American medicine is the best in the world.
MOST Americans take this statement as an article of faith—so long as they are in good health. Even when they have a bout of illness they feel, for the most part, that they are getting excellent care. But growing numbers of patients, the consumers of American medicine, are asking questions that range from mildly nagging to openly angry.
When the doctor was first called, why did he refuse to make a house call? Did he take too long in making the right diagnosis? Did he prescribe too many drugs before he knew what the real trouble was? Did he pick the right surgeon to operate? Were all those lab tests necessary? Did the surgeon charge too much? Why does a hospital room cost $60 a day, more than the fanciest resort hotel room? Why doesn't insurance cover more of those bills?
Ingenious and Amazing
These questions are asked each year by many of the 130 million Americans who pay 500 million visits to the doctor. For them, the doctors write a billion prescriptions for a total drug bill of some $3.5 billion. Each year, 27 million Americans go into a general hospital, where they spend an average of 8.2 days and get a bill of $530, about half of which is covered by insurance. The total cost of U.S. medical care is now $53 billion a year—5.9% of the gross national product, or 7.5% of all personal income. These figures are far higher than those for other Western countries with at least equivalent quality of care.
Is the U.S. citizen getting a fair shake for his money? For an estimated 25% of the population, the answer is yes. For another 50%, medical care can be described as passable, but it is certainly not as good as it could and should be. For 25%, care is either inexcusably bad, given in humiliating circumstances, or nonexistent. The breakdown is not simply by social stratum: the rich do not necessarily get the best care, nor the poor the worst. Says Dr. William H. Stewart, Surgeon General of the U.S. Public Health Service: "If even one American doesn't have access to a reasonable level of care, there's something wrong. And when millions don't, there's obviously something wrong."

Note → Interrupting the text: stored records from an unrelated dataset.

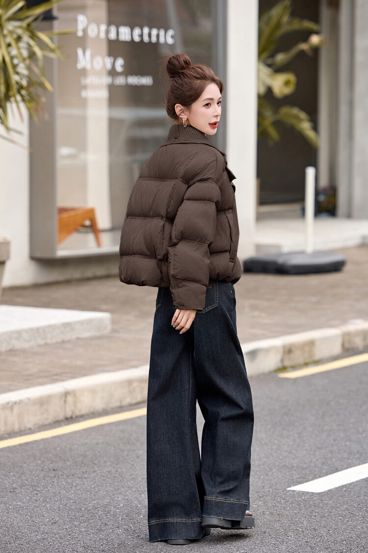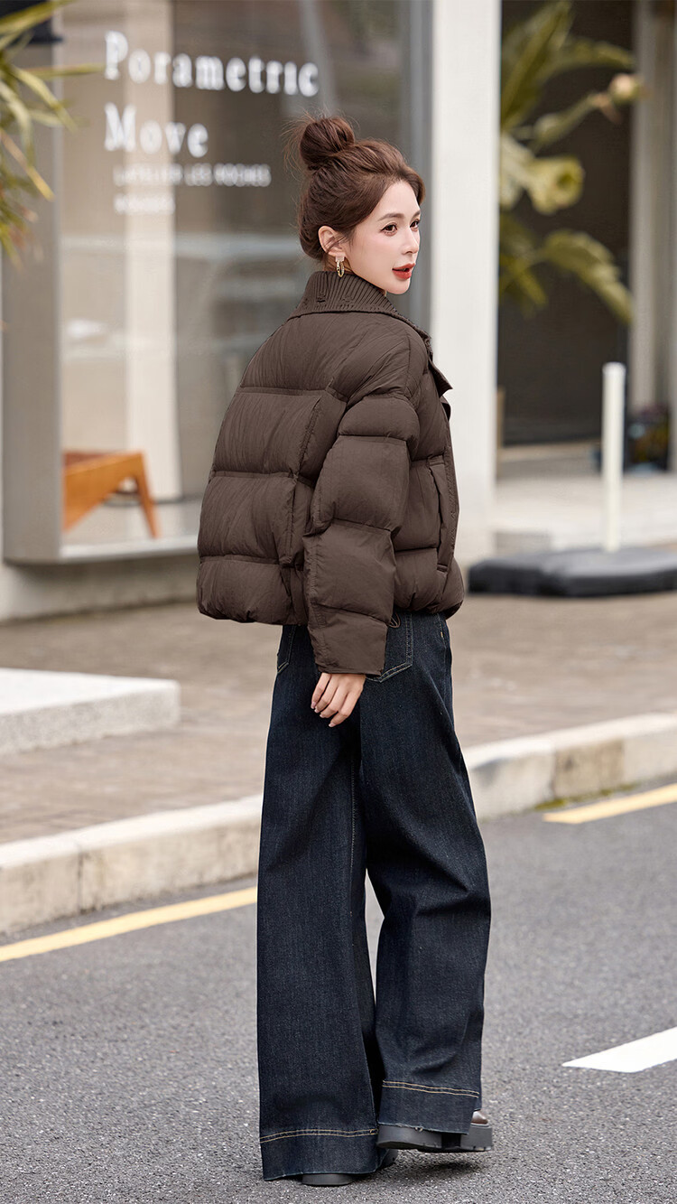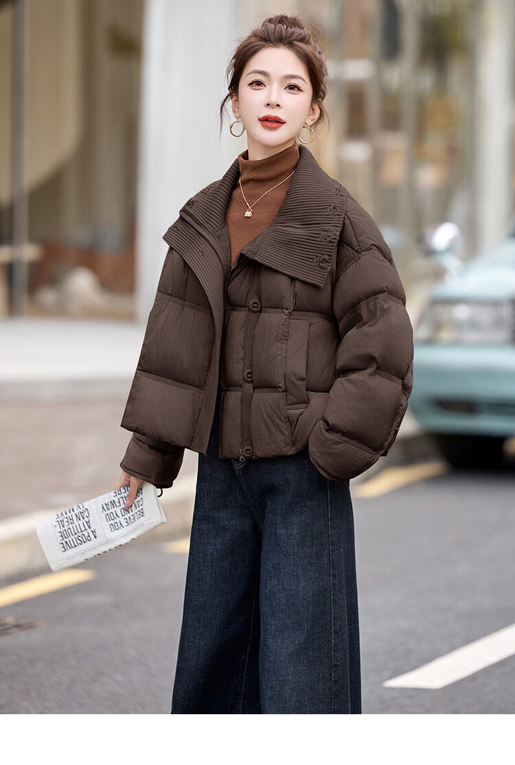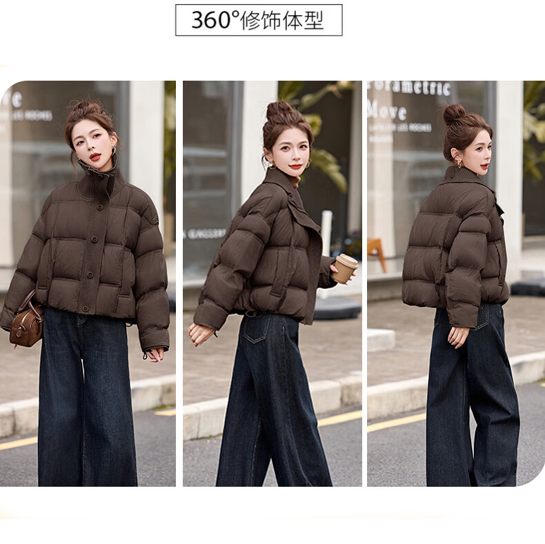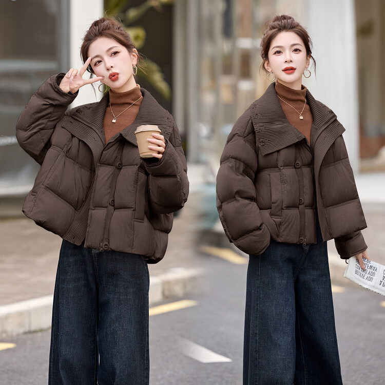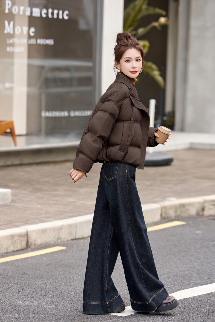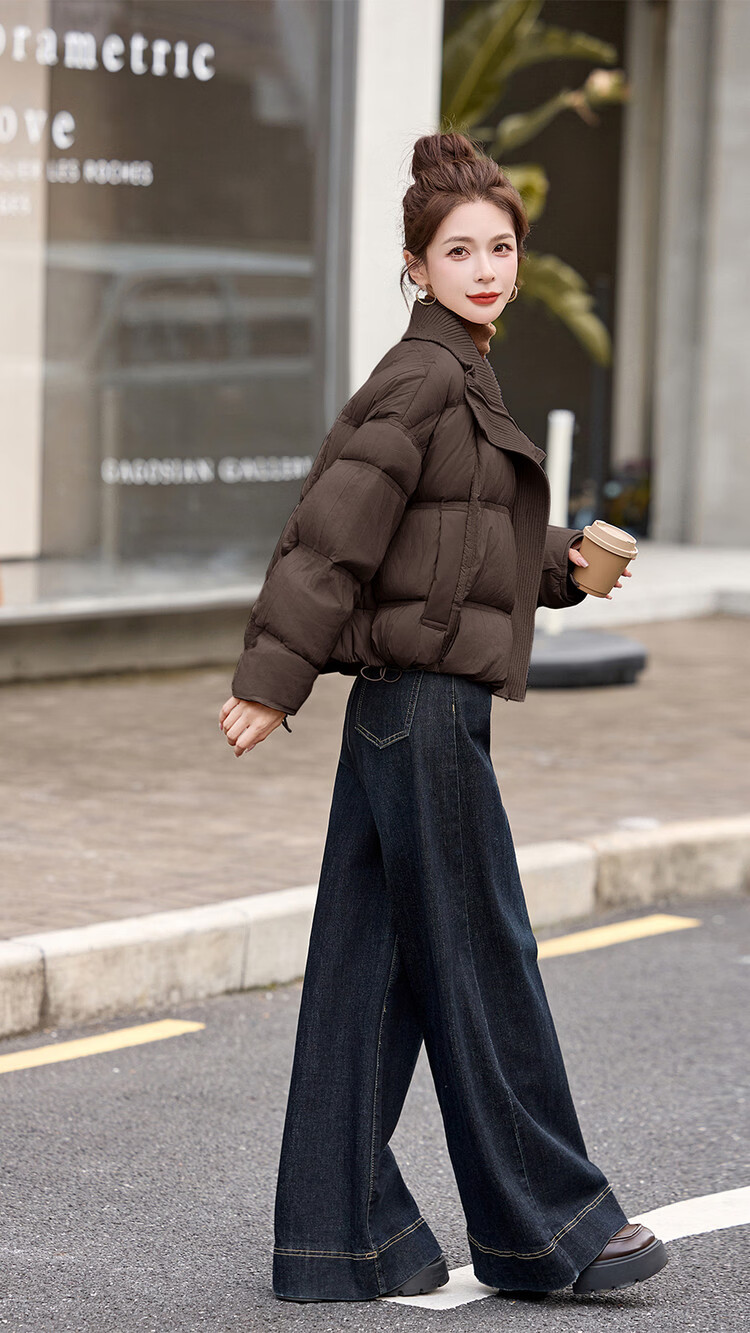 Hengyuanxiang knitted stitching large lapel short down jacket for women 2026 winter fashionable white duck down thickened warm jacket beige M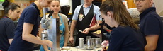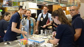 Nicht nur lauter wird es, auch immer mehr Gerüche vermischen sich in der mehlbenetzten Luft. Der klassische Brötchenduft, Fruchtnoten, Kirsch und Zitrone. Aber auch Schinken, Oregano und Zwiebeln kommen zum Einsatz.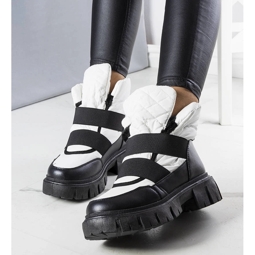 Praktische und modische Schneestiefel für Frauen - perfekt für kalte Tage. Die Gleitstruktur und das dicke Fell im Inneren garantieren Wärme und Komfort sowie eine hohe, 5 -cm -Plattform und Gummi -Sohle von einem kalten Boden und bieten bei jedem Schritt Komfort. Die kontrastierende schwarze Sohle betont das moderne, minimalistische Erscheinungsbild in Weiß/Schwarz.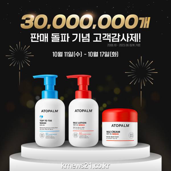 이번 누적 판매 수치는 아토팜의 대표 제품인 ‘MLE크림’과 ‘MLE로션’ 포함 2008년 10월부터 2023년 6월까지 합산된 판매량이다. 아토팜은 영유아 화장품 카테고리라는 점을 고려할 때 3000만개가 팔린 것은 업계에서 이례적인 일이라고 강조하며, 아토팜을 사랑해 주시는 고객들의 성원에 보답하는 마음으로 빅 이벤트를 기획했다고 밝혔다.
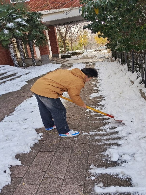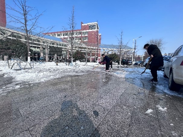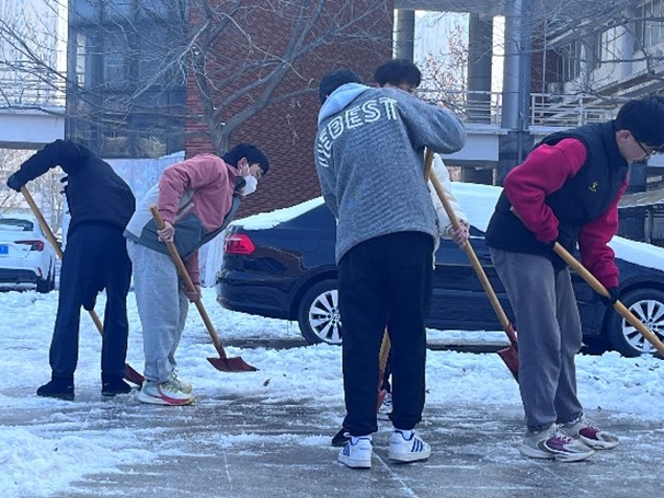 严寒的天气抵不住同学们的热情,老师们带头在前,学生们紧随其后,他们挥舞着铁铲,全身心投入到扫雪破冰行动中。大家不畏严寒、积极主动、分工合作,忙碌的身影形成了白雪中靓丽的风景线,入冬的天气虽然寒冷,但大家劳动的热情和满满的干劲丝毫没有减退,脸上洋溢着的灿烂笑容为寒冷的冬天增添了一抹暖意。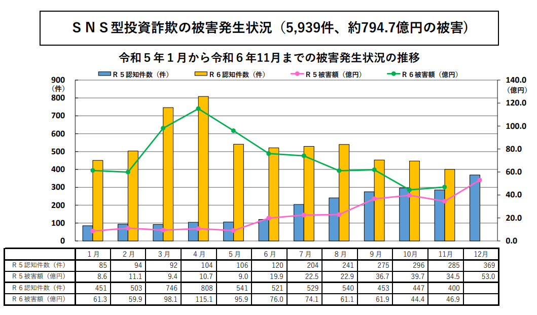 さらに、令和5年1月から令和6年11月までの「SNS型投資詐欺」に関する被害認知件数は5,939件、被害総額は約797.4億円であることも確認できます。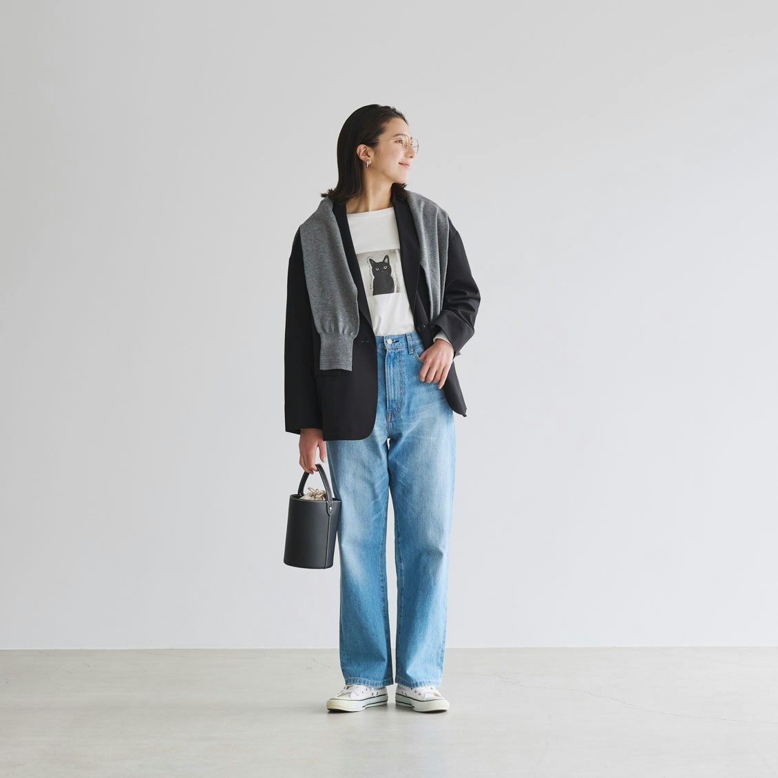 デニムにTシャツというとことんカジュアルな装いも、ジャケットを羽織るだけできちんと感がほんのり漂うコーデに。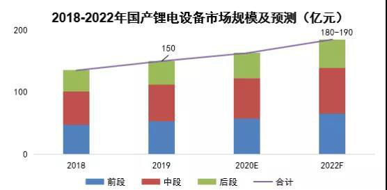 目前,國(guó)產(chǎn)用鋰電設(shè)備的國(guó)產(chǎn)化率已達(dá)到90%-92%。受新增產(chǎn)能帶動(dòng),到2022年,屬于國(guó)產(chǎn)鋰電設(shè)備的市場(chǎng)份額將達(dá)到180-190億元。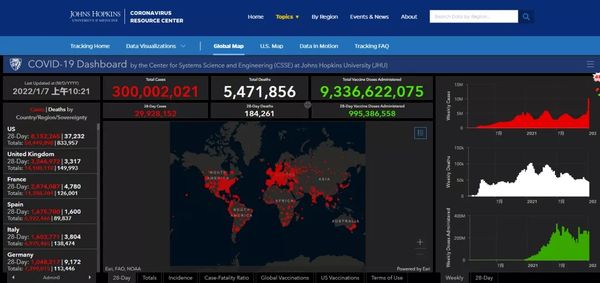 据美国约翰·霍普金斯大学统计,全球新冠确诊病例数已超过3亿。
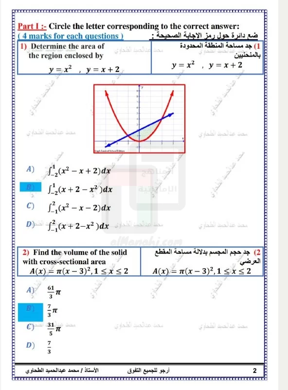 حل نماذج أسئلة الامتحان التجريبي وفق الهيكل الوزاري مع أهم التوقعات - إعداد: محمد عبد الحميد الطحاوي

As befits a huge industry, U.S. medicine has an impressive plant, and many of its facilities are indeed outstanding. In research and medical technology, the U.S. amazes and leads the world. A newborn baby with a defective heart can probably get the best care at Manhattan's Lenox Hill Hospital, which operates an elaborate unit exclusively for pediatric cardiology. For surgery on such a baby's heart, U.S. surgeons are preeminent. So are the surgeons who operate on older patients' arteries. For trouble in the brain's arteries, researchers at Columbia-Presbyterian Medical Center have helped to develop a magnetic probe that will swim through the arterial labyrinth and tell the neurologist what he needs to know. At Harvard, surgeons practice knifeless surgery with a proton gun that destroys overactive tissue deep inside the skull. At Massachusetts Eye and Ear Infirmary, ophthalmic surgeons turn patients upside down to let gravity help them in repositioning a detached retina.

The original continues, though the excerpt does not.